Methodology

How we collect, verify, and present political policy information.

01

Source identification

We identify official policy documents from each party's website, parliament.nz, and verified press releases. We do not use media reporting as a primary source.

02

Content extraction

Policy pages are scraped respecting robots.txt. Relevant text is extracted, navigation and boilerplate are removed, and content is chunked for processing.

03

AI summarisation

Each chunk is processed by GPT-4 using a strict prompt that requires neutral language, factual extraction only, and no speculation. The model assigns a confidence score.

04

Human review

All AI output is reviewed by a human editor before publishing. Editors verify accuracy against the source, check neutrality, and can edit or reject entries.

05

Publication

Approved policies are published with their source URL, source title, date, and confidence score visible to users.

06

Ongoing monitoring

Sources are re-checked periodically.

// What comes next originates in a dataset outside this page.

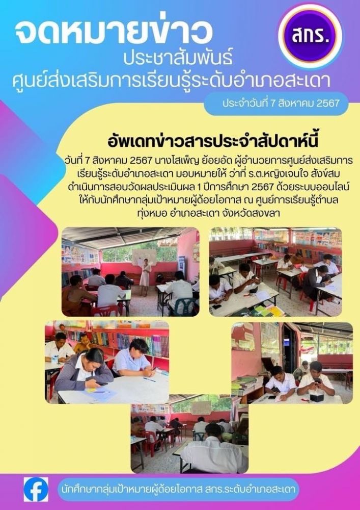 ศูนย์ส่งเสริมการเรียนรู้ระดับอำเภอสะเดา สอบวัดผลประเมินผลกลางภาคเรียนที่ 1 ปีการศึกษา 2567
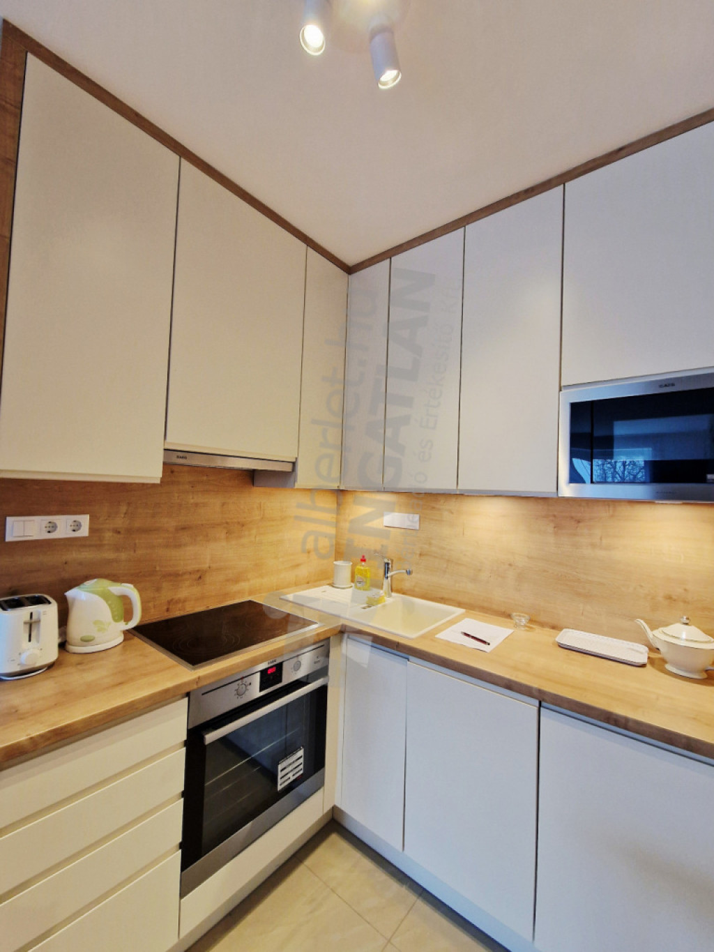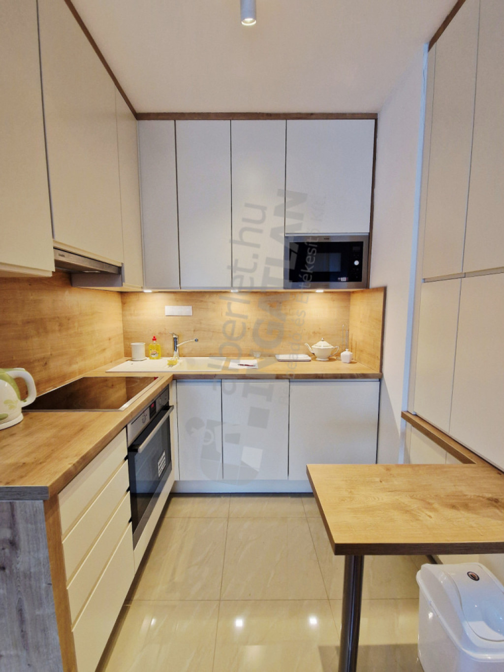 Gépesített: Mosogatógép, Hűtő, főzőlap, elszívó, stb

When parties update policies, we create a new version and record the change in the Policy Tracker.

Neutrality standards

We describe what parties propose, not what we think of those proposals.
We use the same level of detail and same style for all parties.
We never use evaluative language (e.g. 'ambitious', 'reckless', 'smart').
We never infer motivation or intent beyond what is stated.
When a party is silent on a topic, we mark it as 'no data' rather than inferring a position.
We apply the same sourcing standards to all parties.

Confidence scores

Each policy entry includes a confidence score (0–100%) indicating how clearly the policy is stated in the original source.

90–100%HighPolicy is explicitly stated with clear commitments.
70–89%MediumPolicy direction is clear but some details inferred from context.
Below 70%LowPolicy is vague or inferred from general statements. Treat with caution.